[Goal of the exercise]
An exact transcription is needed of the lines below from the one with "Khoảnh khắc máy" through the one with "Daarna wees de", with no other lines and no pictures.
[[ Supplied records open ]]
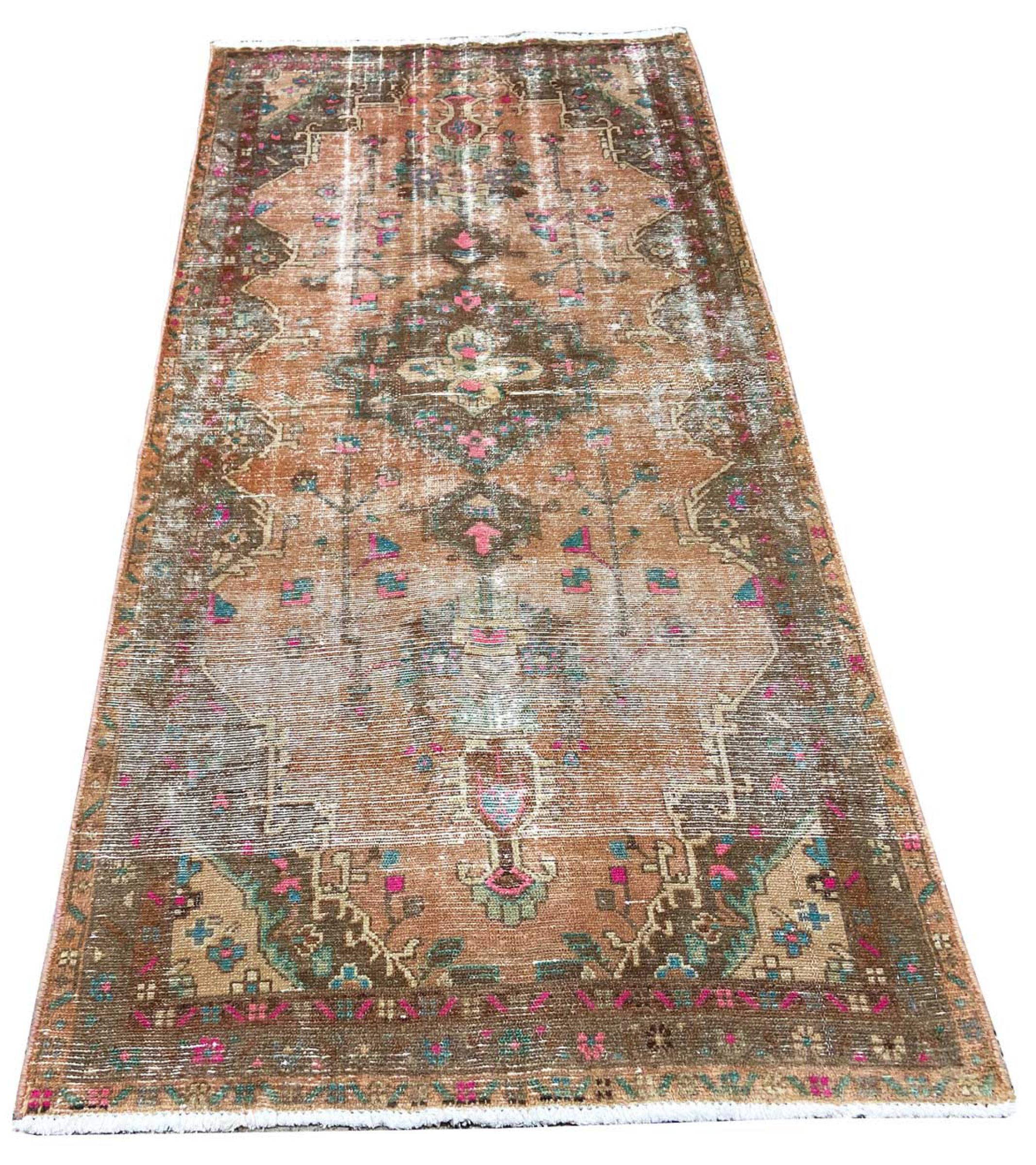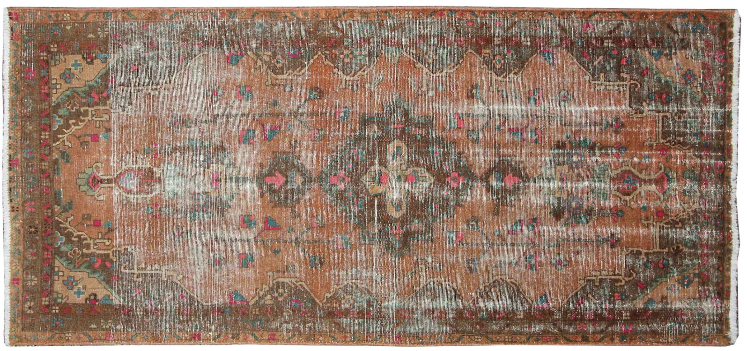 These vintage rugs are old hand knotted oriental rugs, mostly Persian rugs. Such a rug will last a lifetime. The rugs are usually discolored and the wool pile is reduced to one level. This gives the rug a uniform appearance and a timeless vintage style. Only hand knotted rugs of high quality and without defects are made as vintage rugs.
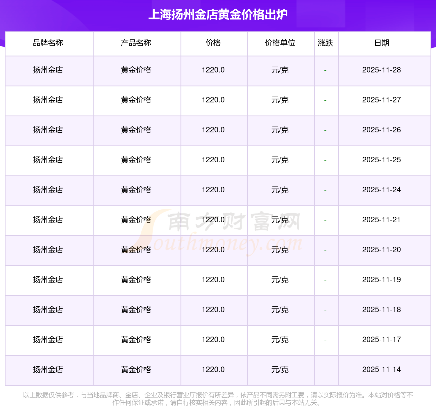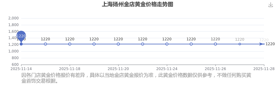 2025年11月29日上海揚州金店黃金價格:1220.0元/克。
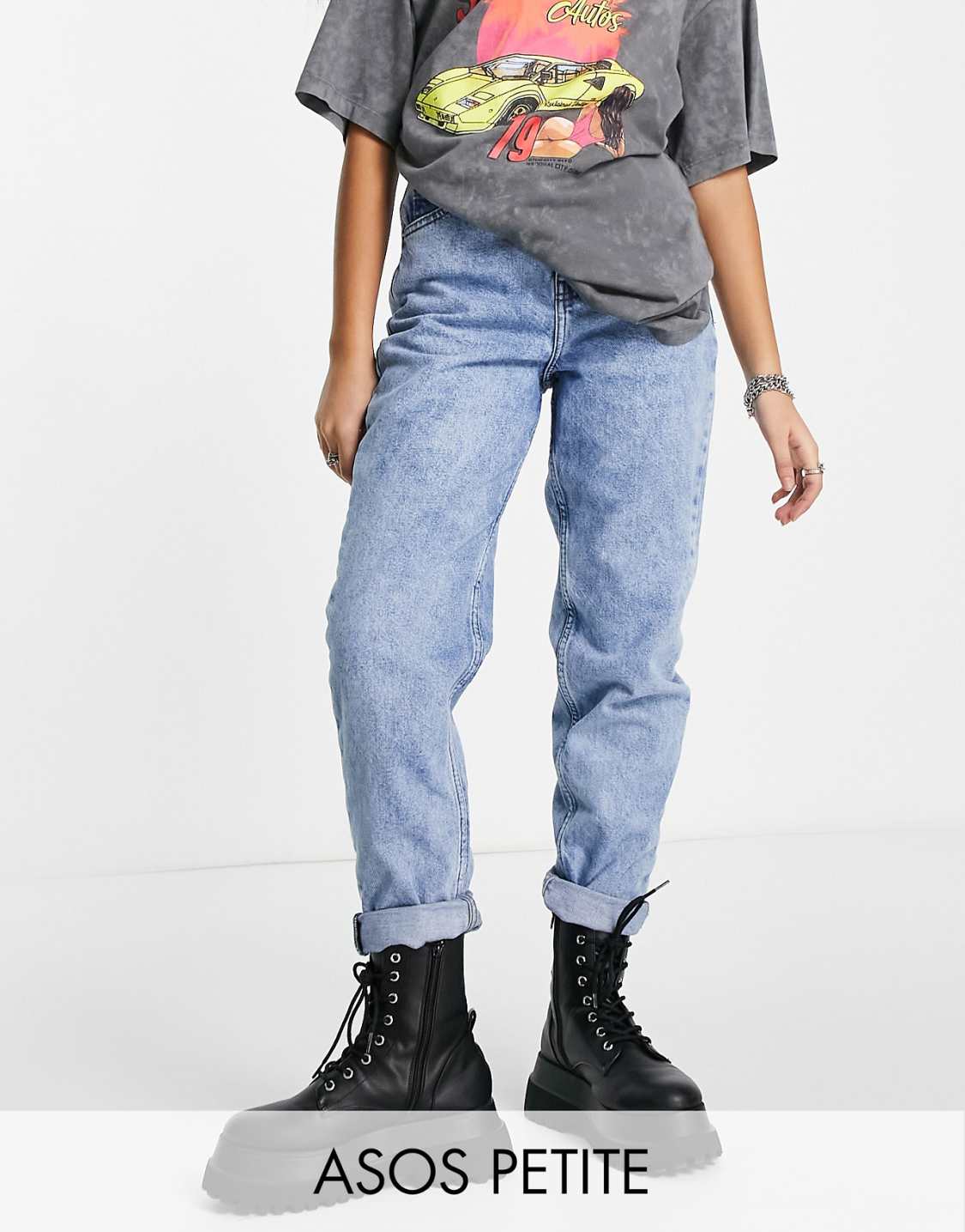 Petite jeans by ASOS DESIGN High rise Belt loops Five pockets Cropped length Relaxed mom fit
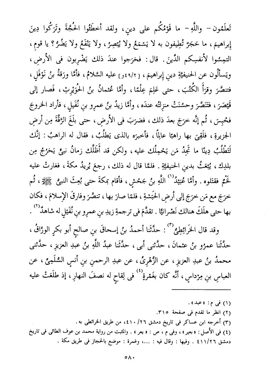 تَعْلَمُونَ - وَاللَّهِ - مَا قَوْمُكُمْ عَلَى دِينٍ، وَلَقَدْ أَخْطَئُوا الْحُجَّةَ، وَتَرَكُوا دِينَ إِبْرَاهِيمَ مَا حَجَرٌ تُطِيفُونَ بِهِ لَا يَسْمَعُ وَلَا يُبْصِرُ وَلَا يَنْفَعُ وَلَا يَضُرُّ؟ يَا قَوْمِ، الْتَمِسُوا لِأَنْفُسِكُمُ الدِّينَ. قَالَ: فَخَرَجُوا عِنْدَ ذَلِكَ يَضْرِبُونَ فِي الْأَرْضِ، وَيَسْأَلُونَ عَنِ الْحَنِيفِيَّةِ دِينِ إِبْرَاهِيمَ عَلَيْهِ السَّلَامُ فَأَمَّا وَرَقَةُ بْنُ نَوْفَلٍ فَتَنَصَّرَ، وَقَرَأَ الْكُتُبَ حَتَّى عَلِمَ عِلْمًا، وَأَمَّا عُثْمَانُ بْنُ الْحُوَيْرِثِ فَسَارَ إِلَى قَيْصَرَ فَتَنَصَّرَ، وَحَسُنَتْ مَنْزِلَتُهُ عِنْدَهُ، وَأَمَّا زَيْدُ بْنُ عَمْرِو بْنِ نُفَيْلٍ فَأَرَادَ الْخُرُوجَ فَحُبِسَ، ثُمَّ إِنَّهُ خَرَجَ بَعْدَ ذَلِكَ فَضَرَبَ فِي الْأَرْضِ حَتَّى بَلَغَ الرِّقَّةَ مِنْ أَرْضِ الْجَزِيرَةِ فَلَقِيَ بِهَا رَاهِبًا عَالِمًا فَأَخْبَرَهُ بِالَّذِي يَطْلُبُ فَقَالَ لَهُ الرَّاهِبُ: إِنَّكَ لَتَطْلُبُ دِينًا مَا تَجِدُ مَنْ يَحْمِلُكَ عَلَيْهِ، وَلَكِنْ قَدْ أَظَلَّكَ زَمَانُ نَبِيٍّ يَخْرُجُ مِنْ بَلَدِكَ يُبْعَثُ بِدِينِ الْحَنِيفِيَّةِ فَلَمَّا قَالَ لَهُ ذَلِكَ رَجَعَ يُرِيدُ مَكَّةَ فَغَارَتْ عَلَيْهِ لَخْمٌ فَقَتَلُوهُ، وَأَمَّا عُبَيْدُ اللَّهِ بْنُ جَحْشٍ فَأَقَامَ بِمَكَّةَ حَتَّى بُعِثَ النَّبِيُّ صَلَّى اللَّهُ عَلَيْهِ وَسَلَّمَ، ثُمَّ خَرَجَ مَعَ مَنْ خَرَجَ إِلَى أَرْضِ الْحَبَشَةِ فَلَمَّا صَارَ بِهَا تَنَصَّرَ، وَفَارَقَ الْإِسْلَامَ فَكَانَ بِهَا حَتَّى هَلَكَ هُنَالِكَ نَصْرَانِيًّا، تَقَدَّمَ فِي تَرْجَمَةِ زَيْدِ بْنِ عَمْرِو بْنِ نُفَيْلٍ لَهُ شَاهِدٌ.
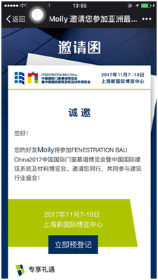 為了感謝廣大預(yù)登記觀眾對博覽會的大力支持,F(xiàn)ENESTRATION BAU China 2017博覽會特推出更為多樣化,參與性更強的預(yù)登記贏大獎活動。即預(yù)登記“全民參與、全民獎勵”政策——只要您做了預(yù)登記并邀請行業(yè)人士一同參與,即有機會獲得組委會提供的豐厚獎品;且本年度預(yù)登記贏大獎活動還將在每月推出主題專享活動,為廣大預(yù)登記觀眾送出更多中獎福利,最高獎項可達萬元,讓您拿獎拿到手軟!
[[ Supplied records closed ]]
[[ Supplied records open ]]
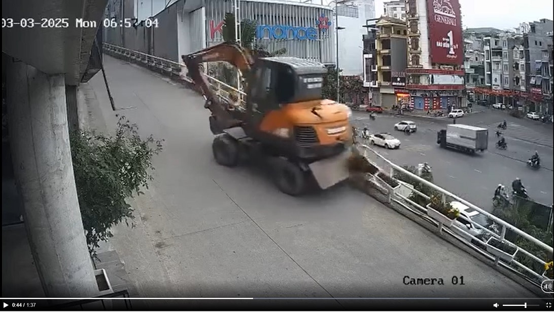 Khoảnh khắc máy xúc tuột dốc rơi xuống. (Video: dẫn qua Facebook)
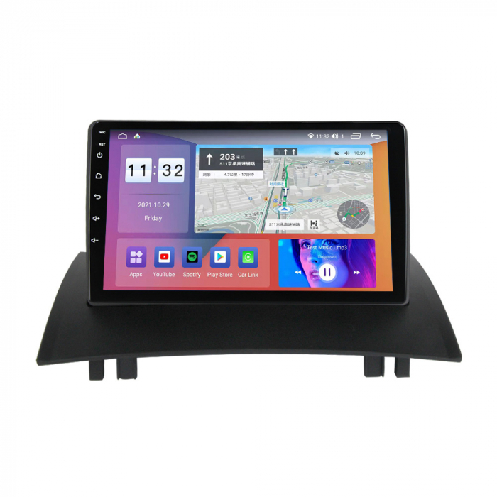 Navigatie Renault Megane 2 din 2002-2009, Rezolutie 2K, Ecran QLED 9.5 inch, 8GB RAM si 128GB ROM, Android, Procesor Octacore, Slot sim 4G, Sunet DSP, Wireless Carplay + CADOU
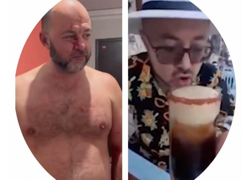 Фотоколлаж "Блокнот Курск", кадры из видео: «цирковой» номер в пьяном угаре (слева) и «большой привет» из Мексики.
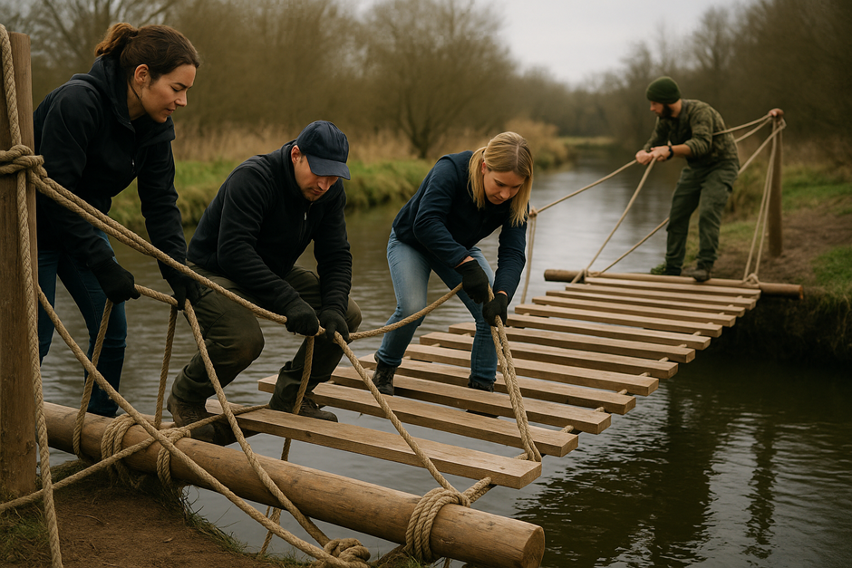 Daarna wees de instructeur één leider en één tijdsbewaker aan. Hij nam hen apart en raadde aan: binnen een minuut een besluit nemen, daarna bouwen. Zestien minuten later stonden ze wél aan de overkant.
[[ Supplied records closed ]]
[[ Supplied records open ]]
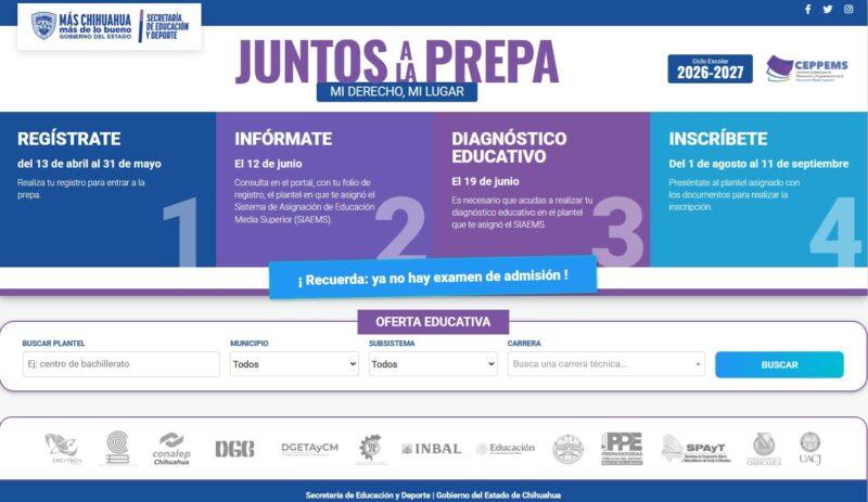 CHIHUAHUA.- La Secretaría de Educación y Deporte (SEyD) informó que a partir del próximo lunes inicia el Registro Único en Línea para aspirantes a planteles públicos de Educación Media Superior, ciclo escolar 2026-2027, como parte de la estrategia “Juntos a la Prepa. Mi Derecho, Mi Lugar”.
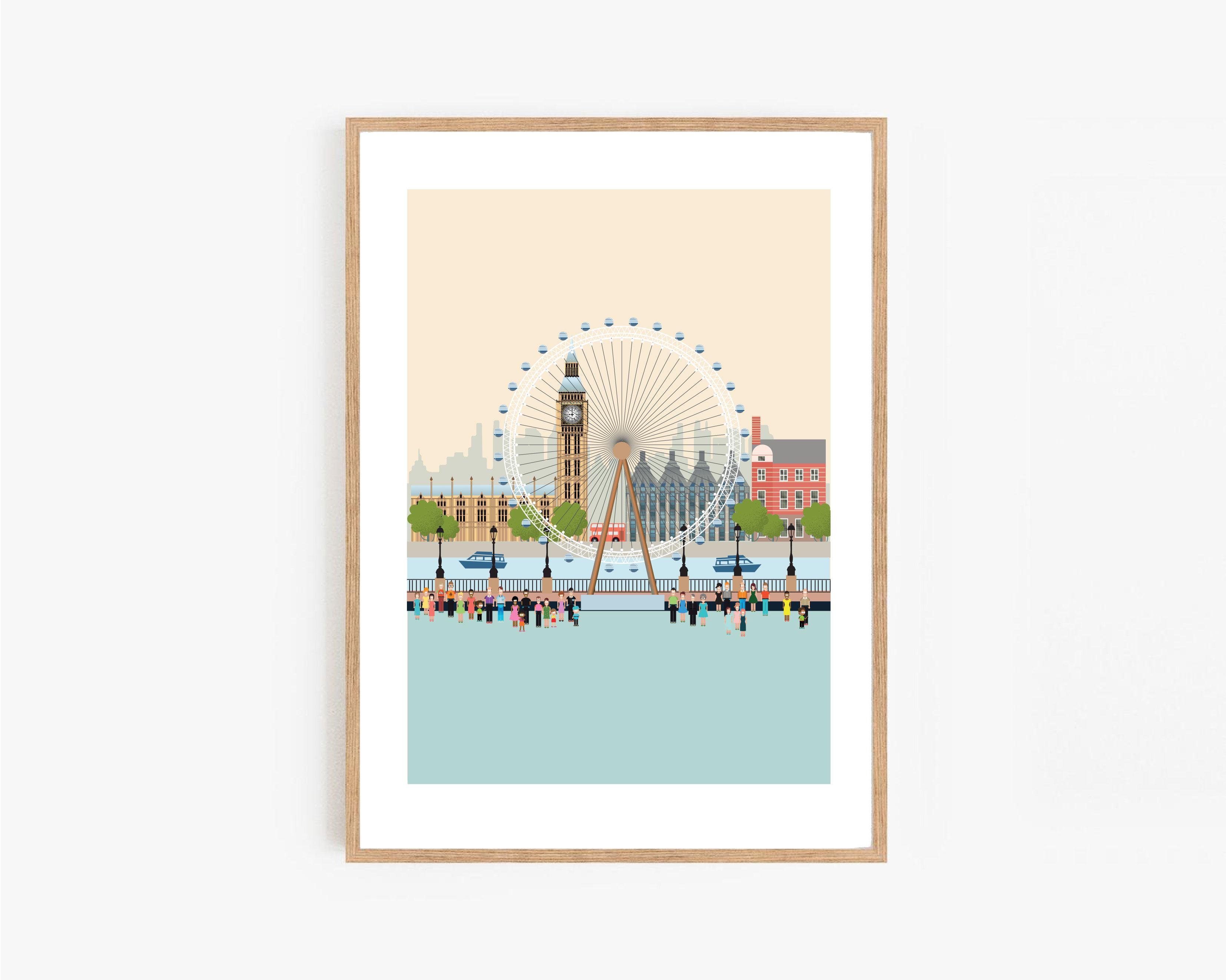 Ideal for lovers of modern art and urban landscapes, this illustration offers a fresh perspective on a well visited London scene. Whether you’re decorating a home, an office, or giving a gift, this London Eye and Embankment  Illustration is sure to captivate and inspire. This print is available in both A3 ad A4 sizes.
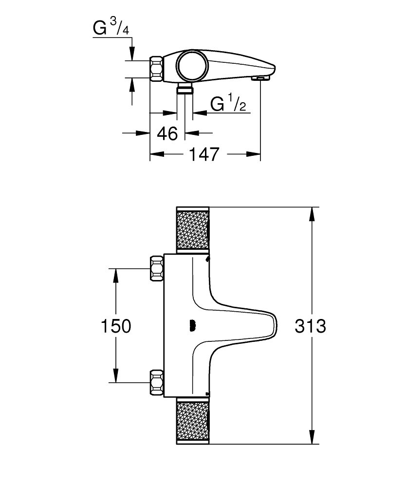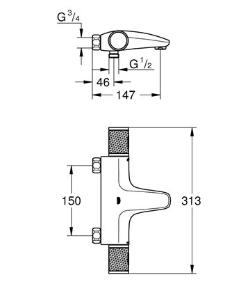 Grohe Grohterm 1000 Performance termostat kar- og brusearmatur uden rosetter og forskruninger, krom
[[ Supplied records closed ]]
[Result for this exercise]
 Khoảnh khắc máy xúc tuột dốc rơi xuống. (Video: dẫn qua Facebook)
 Navigatie Renault Megane 2 din 2002-2009, Rezolutie 2K, Ecran QLED 9.5 inch, 8GB RAM si 128GB ROM, Android, Procesor Octacore, Slot sim 4G, Sunet DSP, Wireless Carplay + CADOU
 Фотоколлаж "Блокнот Курск", кадры из видео: «цирковой» номер в пьяном угаре (слева) и «большой привет» из Мексики.
 Daarna wees de instructeur één leider en één tijdsbewaker aan. Hij nam hen apart en raadde aan: binnen een minuut een besluit nemen, daarna bouwen. Zestien minuten later stonden ze wél aan de overkant.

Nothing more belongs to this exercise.